Since our focus is on large samples involving \(N^2T\) observations, we rely on uninformative priors for the parameters \(\beta\) and \(\sigma ^2\), as these would not likely impact posterior estimates. By uninformative prior we mean a “flat” prior that is within the range of valid values for these parameters, so all intervals are of equal length, indicating all values are equally likely.⁹ Since the dependence parameters in \(\omega\) are a focus of inference, uniform priors for these dependence parameters are used, which must obey a stability constraint.

Mathematically, the flat or uniform prior for \(\omega , \beta\) can be represented as \(p(\omega ) \propto 1, p(\beta ) \propto 1\). The noise variance \(\sigma ^2\), is restricted to positive values, with a flat prior assigned to the log-transformed value which is denoted \(p(\sigma ^2) \propto 1/\sigma ^2\). Given this prior information, and prior independence, one can write: \(p(\omega ) \times p(\sigma ^2) \times p(\beta ) \propto 1/\sigma ^2\). While this flat prior is improper since the integral over the parameter space \(\Xi\) is not finite, the joint posterior distribution for the dependence parameters \(\omega\) is proper under relatively unrestrictive assumptions. This joint posterior is derived by analytically integrating out the parameters \(\beta , \sigma ^2\), with details regarding this integration found in Hepple (1995a, b).
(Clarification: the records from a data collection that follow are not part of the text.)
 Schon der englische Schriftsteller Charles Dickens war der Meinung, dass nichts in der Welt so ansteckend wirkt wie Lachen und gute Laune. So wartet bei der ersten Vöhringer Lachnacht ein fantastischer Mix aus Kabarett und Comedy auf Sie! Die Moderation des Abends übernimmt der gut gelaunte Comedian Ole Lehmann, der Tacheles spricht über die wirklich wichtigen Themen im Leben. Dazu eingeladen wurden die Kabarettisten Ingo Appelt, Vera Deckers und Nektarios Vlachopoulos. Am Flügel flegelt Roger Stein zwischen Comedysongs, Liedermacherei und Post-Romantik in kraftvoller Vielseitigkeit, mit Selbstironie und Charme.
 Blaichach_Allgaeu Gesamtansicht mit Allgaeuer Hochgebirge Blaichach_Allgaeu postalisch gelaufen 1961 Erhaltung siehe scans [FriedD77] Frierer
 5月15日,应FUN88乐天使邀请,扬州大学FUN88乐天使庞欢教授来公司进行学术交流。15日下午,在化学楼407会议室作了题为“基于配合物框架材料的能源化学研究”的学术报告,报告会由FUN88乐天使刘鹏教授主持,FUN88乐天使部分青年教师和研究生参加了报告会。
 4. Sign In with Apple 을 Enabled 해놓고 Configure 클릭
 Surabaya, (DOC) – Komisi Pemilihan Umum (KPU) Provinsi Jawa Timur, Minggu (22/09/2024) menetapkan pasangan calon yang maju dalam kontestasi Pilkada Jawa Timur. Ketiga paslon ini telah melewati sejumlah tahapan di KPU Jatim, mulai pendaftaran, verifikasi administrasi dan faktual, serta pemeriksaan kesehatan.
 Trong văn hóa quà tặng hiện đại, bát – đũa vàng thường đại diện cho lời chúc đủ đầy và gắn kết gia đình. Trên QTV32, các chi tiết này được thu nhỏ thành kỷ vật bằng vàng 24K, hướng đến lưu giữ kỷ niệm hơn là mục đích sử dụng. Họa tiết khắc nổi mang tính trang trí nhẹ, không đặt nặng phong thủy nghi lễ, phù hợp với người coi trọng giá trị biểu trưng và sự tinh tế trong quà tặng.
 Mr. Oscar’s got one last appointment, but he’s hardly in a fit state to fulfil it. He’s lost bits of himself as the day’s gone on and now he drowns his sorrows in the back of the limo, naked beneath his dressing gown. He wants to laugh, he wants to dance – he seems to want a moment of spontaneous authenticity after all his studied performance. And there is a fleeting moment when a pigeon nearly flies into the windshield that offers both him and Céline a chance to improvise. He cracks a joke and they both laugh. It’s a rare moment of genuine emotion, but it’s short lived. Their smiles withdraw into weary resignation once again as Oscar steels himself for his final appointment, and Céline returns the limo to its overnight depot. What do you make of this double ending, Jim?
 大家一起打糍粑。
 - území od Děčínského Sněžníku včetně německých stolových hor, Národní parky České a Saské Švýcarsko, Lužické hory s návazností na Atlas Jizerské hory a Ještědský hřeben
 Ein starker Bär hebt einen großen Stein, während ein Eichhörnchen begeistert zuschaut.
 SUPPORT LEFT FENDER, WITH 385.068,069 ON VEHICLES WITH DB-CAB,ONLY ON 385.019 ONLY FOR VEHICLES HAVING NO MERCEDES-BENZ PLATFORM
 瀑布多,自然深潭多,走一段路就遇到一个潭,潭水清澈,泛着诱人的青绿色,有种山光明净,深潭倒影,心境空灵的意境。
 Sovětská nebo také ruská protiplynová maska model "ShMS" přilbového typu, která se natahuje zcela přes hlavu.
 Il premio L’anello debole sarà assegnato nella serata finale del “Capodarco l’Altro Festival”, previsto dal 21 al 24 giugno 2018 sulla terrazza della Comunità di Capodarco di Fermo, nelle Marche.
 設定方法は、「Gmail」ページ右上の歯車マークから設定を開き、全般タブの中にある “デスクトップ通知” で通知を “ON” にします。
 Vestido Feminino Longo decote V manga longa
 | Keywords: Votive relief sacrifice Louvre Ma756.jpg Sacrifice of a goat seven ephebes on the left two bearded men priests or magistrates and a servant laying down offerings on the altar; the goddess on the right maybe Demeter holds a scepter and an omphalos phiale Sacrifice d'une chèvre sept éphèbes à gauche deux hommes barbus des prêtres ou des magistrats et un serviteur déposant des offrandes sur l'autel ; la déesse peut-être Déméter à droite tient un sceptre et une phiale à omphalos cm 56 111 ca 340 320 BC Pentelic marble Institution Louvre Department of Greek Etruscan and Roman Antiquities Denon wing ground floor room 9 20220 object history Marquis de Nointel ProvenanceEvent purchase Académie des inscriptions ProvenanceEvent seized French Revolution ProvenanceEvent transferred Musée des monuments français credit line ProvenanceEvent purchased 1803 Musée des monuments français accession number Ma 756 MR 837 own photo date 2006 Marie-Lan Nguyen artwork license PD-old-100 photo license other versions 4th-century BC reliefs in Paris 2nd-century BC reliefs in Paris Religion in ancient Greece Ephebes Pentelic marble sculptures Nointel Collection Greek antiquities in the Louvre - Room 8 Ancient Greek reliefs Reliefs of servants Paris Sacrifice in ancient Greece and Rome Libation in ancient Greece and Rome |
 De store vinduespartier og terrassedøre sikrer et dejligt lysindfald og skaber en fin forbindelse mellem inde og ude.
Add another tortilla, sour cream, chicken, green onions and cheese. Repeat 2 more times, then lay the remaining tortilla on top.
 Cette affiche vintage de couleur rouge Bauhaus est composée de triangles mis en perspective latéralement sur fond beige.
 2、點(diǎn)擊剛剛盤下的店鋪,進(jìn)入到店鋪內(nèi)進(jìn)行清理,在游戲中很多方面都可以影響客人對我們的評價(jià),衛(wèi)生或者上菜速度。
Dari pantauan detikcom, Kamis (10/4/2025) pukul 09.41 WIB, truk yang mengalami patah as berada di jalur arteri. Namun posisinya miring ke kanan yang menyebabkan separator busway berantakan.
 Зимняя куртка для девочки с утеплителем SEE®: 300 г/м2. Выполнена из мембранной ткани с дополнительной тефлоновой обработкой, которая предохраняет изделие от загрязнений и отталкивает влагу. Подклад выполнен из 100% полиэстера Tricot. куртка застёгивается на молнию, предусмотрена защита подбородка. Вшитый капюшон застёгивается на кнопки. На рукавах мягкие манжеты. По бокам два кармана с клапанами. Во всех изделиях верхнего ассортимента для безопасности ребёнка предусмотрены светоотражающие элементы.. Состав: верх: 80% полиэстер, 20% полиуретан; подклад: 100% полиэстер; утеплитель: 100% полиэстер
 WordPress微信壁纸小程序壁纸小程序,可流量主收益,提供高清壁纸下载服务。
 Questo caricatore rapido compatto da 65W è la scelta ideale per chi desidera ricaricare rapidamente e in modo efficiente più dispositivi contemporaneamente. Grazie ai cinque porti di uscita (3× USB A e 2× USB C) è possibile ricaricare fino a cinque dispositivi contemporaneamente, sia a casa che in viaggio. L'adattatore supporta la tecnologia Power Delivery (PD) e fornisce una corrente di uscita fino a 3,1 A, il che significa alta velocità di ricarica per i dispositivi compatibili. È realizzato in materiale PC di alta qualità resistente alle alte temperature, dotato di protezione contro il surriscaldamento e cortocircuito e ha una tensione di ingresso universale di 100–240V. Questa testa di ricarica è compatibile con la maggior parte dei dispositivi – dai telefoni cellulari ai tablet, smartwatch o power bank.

To derive the joint posterior for the dependence parameters \(\omega\), begin with the full joint posterior \(p(\omega , \beta , \sigma ^2)\) and analytically integrate out \(\beta , \sigma ^2\). This relies on standard techniques from the Bayesian regression literature (Zellner 1971). Combining the likelihood function in (7) with the flat priors (and ignoring the constant \(2 \pi ^{N^2T/2}\)) leads to the joint posterior in (8), from which \(\sigma\) can be integrated out, leading to (9), where \(\Gamma (.)\) denotes the Gamma function.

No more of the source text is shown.